Caching sitemaps while using querystrings

The problem

I had a need to have a site map which is basically an index to other site maps. The file is XML and the sitemap is generated every time you / a bot visits https://awebsite.com/sitemap

 

The index has a link to a separate sitemap which pulls all content that is published, excluding the news articles. The reason for this is the site has 1000s of news articles on it and creating even a single sitemap caused the browser to crash.

The other links in the index point to individual news indexes which pull all the news articles for a specific year. 

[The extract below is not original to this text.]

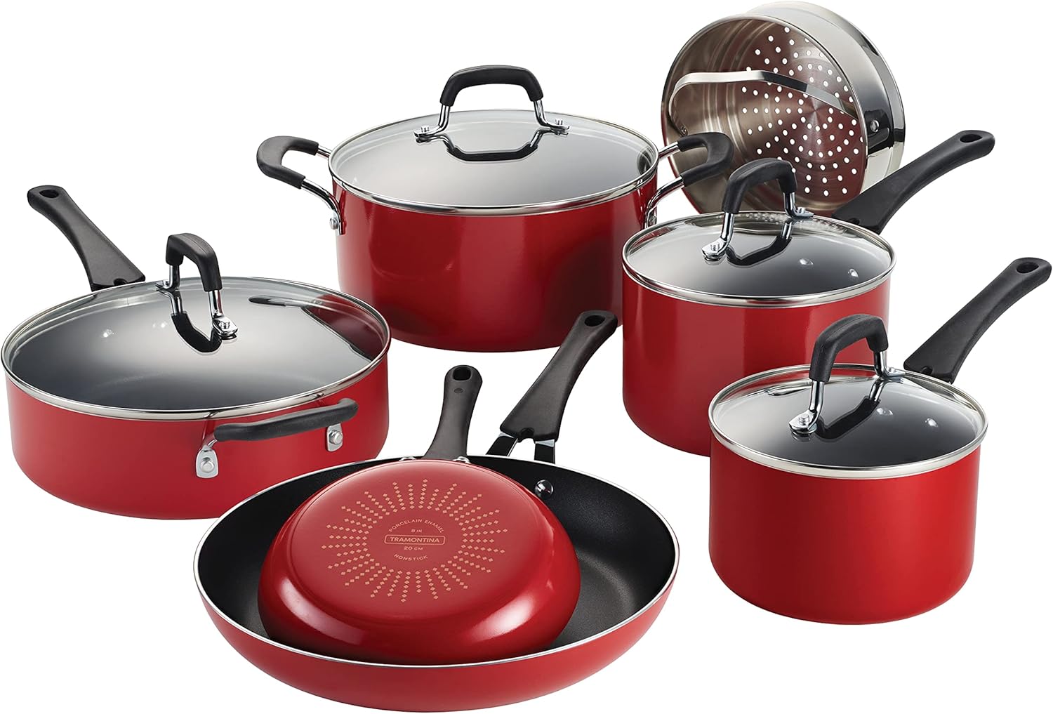 The Tramontina 11-Piece Nonstick Cookware Set is your perfect kitchen companion for everyday cooking. Designed with both performance and convenience in mind, this versatile set includes essential pots and pans that help you handle meals of any size. With a vibrant porcelain enamel exterior and durable heavy-gauge aluminum core, it offers fast, even heating—perfect for browning, searing, or simmering.

The sitemap.xml looks something like this : 

https://awebsite.com/sitemap.xml?excludeArticles=true
https://awebsite.com/sitemap.xml?year=2024
https://awebsite.com/sitemap.xml?year=2023
https://awebsite.com/sitemap.xml?year=2022
...

The problem I had was the original code cached the sitemap like so : 

private string GetSiteMap(UmbracoContext umbracoContext)
{
    string result = null;
    lock (LockObjectSitemap) {
        if (DateTime.Now.CompareTo(_siteMapExpiry) >= 0) 
        {
            _siteMap = CreateSiteMap(umbracoContext);
        }
        result = _siteMap;
    }

    return result;
}

Which worked fine when you are only hitting \sitemap.xml but the issue I had was even with the querystring, the code would thing it was the same page and skip over the top of CreateSiteMap which meant the new sitemaps e.g. excludeArticles and year weren't created.

The Solution

I managed to fix this by checking for a query string and then using the querystring as a cache key, this meant I could still cache the different sitemaps but I could also general different xml depending on the querystring. 

 

My code ended up looking like this :

private string GetSiteMap(UmbracoContext umbracoContext, string queryString)
{
    string result = null;
    string cacheKey = "sitemap_" + queryString;
    lock (LockObjectSitemap)
    {
        if (DateTime.Now.CompareTo(_siteMapExpiry) >= 0 || !_siteMapCache.TryGetValue(cacheKey, out result))
        {
            _siteMap = CreateSiteMap(umbracoContext);
            _siteMapCache[cacheKey] = _siteMap; 
            _siteMapExpiry = DateTime.Now.AddMinutes(_cacheDurationMinutes); 
            result = _siteMap;
        }
    }

    return result;
}

Interesting.....

While working on this code I also did some reading up about lock as I hadn't encountered this before.

The lock (LockObjectSitemap) statement ensures that the code inside the lock block is executed by only one thread at a time. This prevents concurrent modification of the sitemap object. Without the lock, it could potentiually be possible to DDOS a website by hitting the request over and over again.

Without a lock, multiple threads or processes could attempt to generate the sitemap simultaneously. This could lead to excessive CPU and memory usage, as each thread would be performing similar intensive tasks like querying databases and writing files, which could overwhelm the server.

Published on : 07 June 2024